David Sylvian chronology
| Approaching Silence (1999) | Everything and Nothing (2000) | Camphor (2002) |

= Everything and Nothing =

Everything and Nothing is a compilation album by David Sylvian. Released in October 2000, the album contains previously released and unreleased, re-recorded, and alternate versions of tracks from Sylvian's twenty years with Virgin Records.
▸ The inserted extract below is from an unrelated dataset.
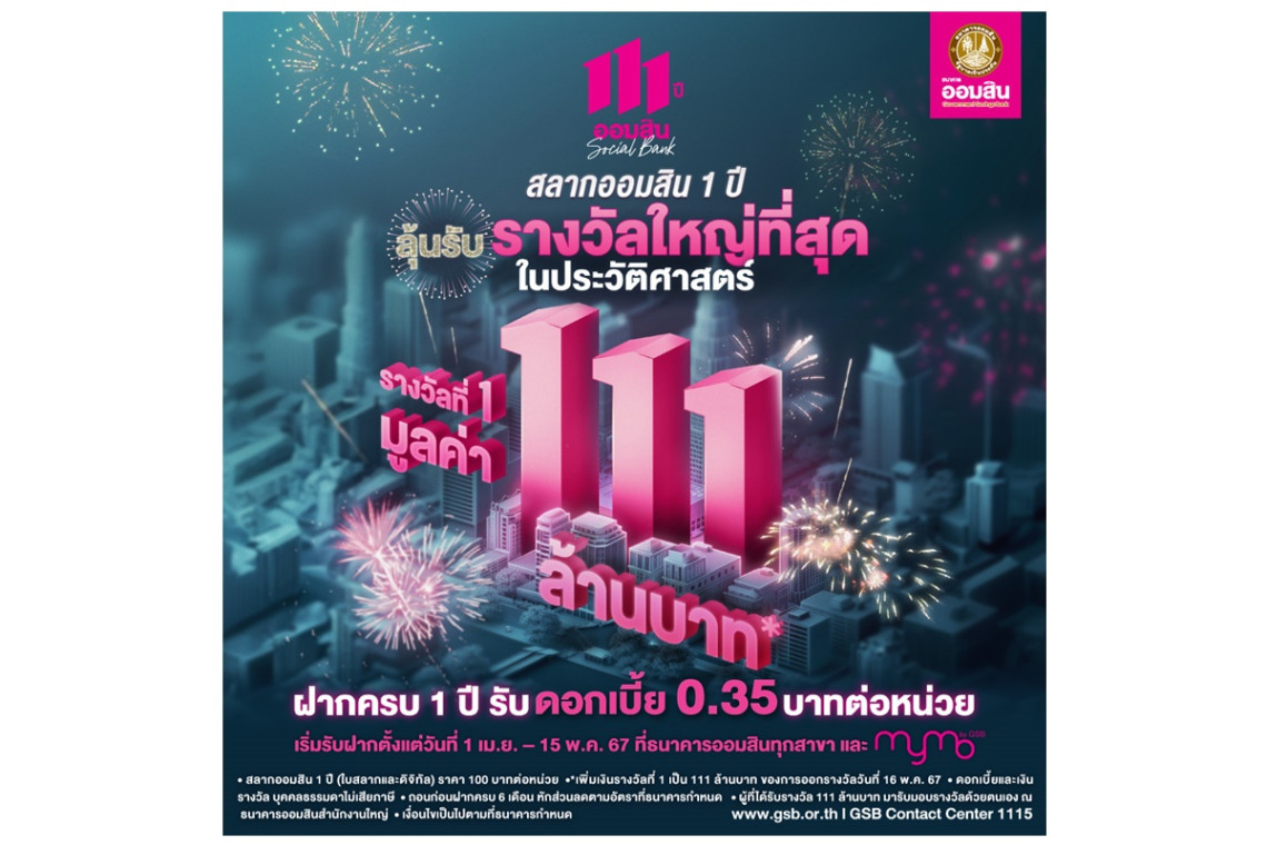 ธนาคารออมสิน ออกแคมเปญฉลองในวาระวันคล้ายวันสถาปนาธนาคารออมสินครบรอบ 111 ปี กับสลากออมสินพิเศษ 1 ปี แจกรางวัลที่ 1 มูลค่า 111 ล้านบาท เริ่มเปิดรับวันที่ 1 เม.ย. 67 ถึงวันที่ 15 พ.ค 67

The record peaked at no.57 in the UK albums chart.

Professional ratings
Aggregate scores
| Source | Rating |
| Metacritic | 80/100 |
Review scores
| Source | Rating |
| AllMusic | Star |
| The Encyclopedia of Popular Music | Star |
| Pitchfork | 6.1/10 |

== Release formats ==
It was released in two versions, a standard 2CD jewel case (CDVD 2897) and (in the UK) as a limited edition 3CD digipak (CDVDX 2897).

== Background ==
In addition to tracks from Sylvian's solo career and earlier with the group Japan ("Ghosts"), the album also includes previously unreleased material ("Some Kind of Fool", "The Scent of Magnolia", "Ride" and "Cover Me with Flowers", among others) along with collaborations ("Bamboo Houses" and "Heartbeat" with Ryuichi Sakamoto and "Buoy" with Mick Karn). The songs "Come Morning" and "Golden Way" were taken from the 1995 album Marco Polo by the World music duo Nicola Alesini & Pier Luigi Andreoni, on which Sylvian provided vocals for three of the songs.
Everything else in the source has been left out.